The Turkish Straits (Turkish: Türk Boğazları) are two internationally significant waterways in northwestern Turkey. The straits create a series of international passages that connect the Aegean and Mediterranean seas to the Black Sea. They consist of the Dardanelles and the Bosphorus. The straits are on opposite ends of the Sea of Marmara. The straits and the Sea of Marmara are part of the sovereign sea territory of Turkey and subject to the regime of internal waters.
Located in the western part of the landmass of Eurasia, the Straits are conventionally considered the boundary between the continents of Europe and Asia, as well as the dividing line between European Turkey and Asian Turkey. Owing to their strategic importance in international commerce, politics, and warfare, the Straits have played a significant role in European and world history. Since 1936, they have been governed in accordance with the Montreux Convention.
As maritime waterways, the Turkish Straits connect various seas along the Eastern Mediterranean, the Balkans, the Near East, and Western Eurasia. Specifically, the Straits allows maritime connections from the Black Sea all the way to the Aegean and Mediterranean Seas, the Atlantic Ocean via Gibraltar, and the Indian Ocean through the Suez Canal, making them crucial international waterways, in particular for the passage of goods coming in from Russia.
The Turkish Straits are made up of the following waterways;
- The Bosphorus (also spelled Bosporus; Turkish: Boğaziçi or İstanbul Boğazı, "Istanbul Strait"), about 30 kilometers (19 mi) long and only 700 meters (2,300 ft) wide, connects the Sea of Marmara with the Black Sea in the north. It runs through the city of Istanbul, making it a city located on two continents. It is crossed by three suspension bridges (the Bosphorus Bridge, the Fatih Sultan Mehmet Bridge and the Yavuz Sultan Selim Bridge), and two underwater tunnels (the Marmaray rail tunnel and the Eurasia road tunnel). There are plans for further crossings being debated at various stages.

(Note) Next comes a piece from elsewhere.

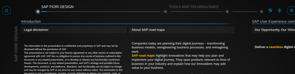 • SAP Fiori design – this gives you an overview of the current design approach of Fiori and what is new in that space

- The Dardanelles (Turkish: Çanakkale Boğazı, "Çanakkale Strait"), 68 km (42 mi) long and 1.2 km (0.75 mi) wide, connects the Sea of Marmara with the Mediterranean in the southwest, near the city of Çanakkale. In classical antiquity, the Dardanelles strait was known as the Hellespont. The strait and the Gallipoli (Gelibolu) peninsula on its western shoreline were the scene of the Battle of Gallipoli during the First World War. The Çanakkale 1915 Bridge, which opened to traffic on 18 March 2022, connects the northwestern province of Çanakkale’s Gelibolu district on the European side and the Lapseki district on the Anatolian side, and is the first bridge to cross over the strait.

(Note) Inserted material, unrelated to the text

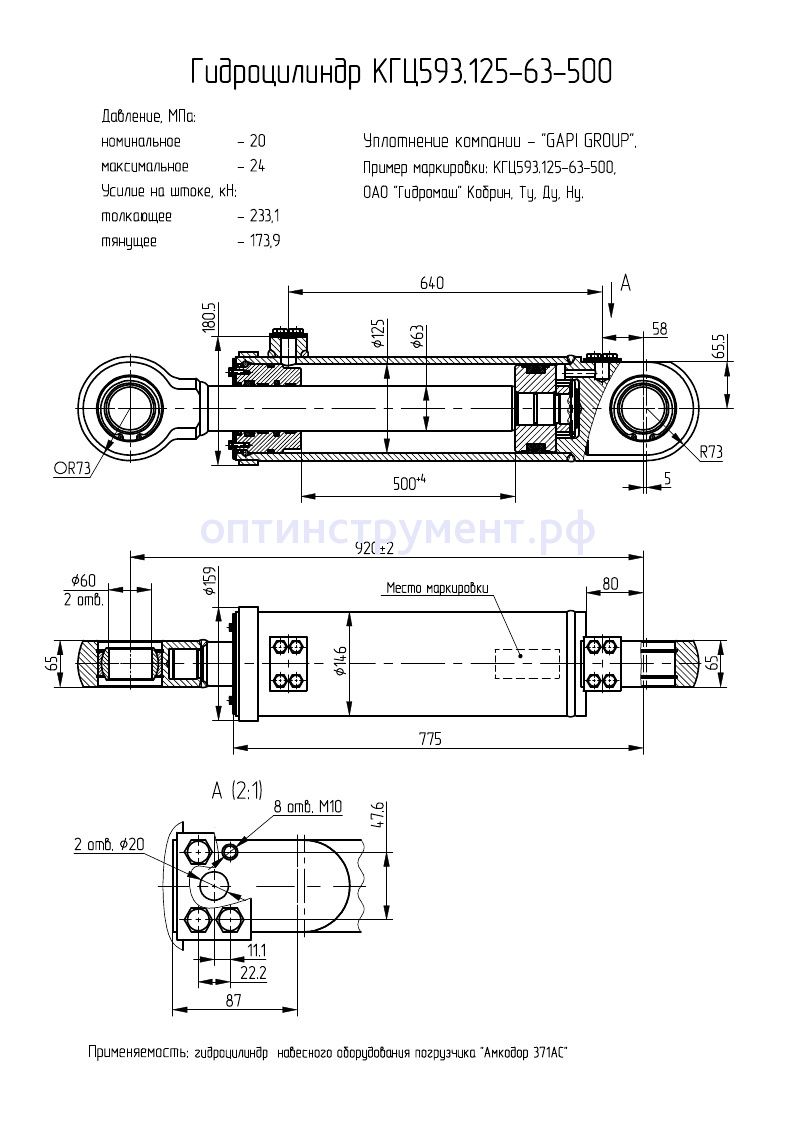 Гидроцилиндр навесного оборудования погрузчика "Амкодор 371AC" КГЦ 593.125-63-500 в продаже по цене 31 575 руб. в Интернет-магазине Проф-инструмент с доставкой в Санкт-Петербурге. Звоните по телефону +8 (800) 302-10-51.

The Straits have had major maritime strategic importance at least since Bronze-age armies fought the Trojan War near the Aegean entrance, and the narrow crossings between Asia and Europe have provided migration and invasion routes (for Persians, Galatians, and Turks, for example) for even longer. In the declining days of the Ottoman Empire, the "Straits Question" involved the diplomats of Europe and the Ottomans.
By the terms of the London Straits Convention concluded on 13 July 1841 between the Great Powers of Europe — Russia, the United Kingdom, France, Austria and Prussia — the "ancient rule" of the Ottoman Empire was re-established by closing the Turkish straits to all warships whatsoever, barring those of the Ottoman Sultan's allies during wartime. This treaty became one in a series dealing with access to the Bosphorus, the Sea of Marmara, and the Dardanelles. It evolved from the secret 1833 Treaty of Hünkâr İskelesi (Unkiar Skelessi), in which the Ottoman Empire guaranteed exclusive use of the Straits to "Black Sea Powers" (i.e., Ottoman Empire and Russian Empire) warships in the case of a general war.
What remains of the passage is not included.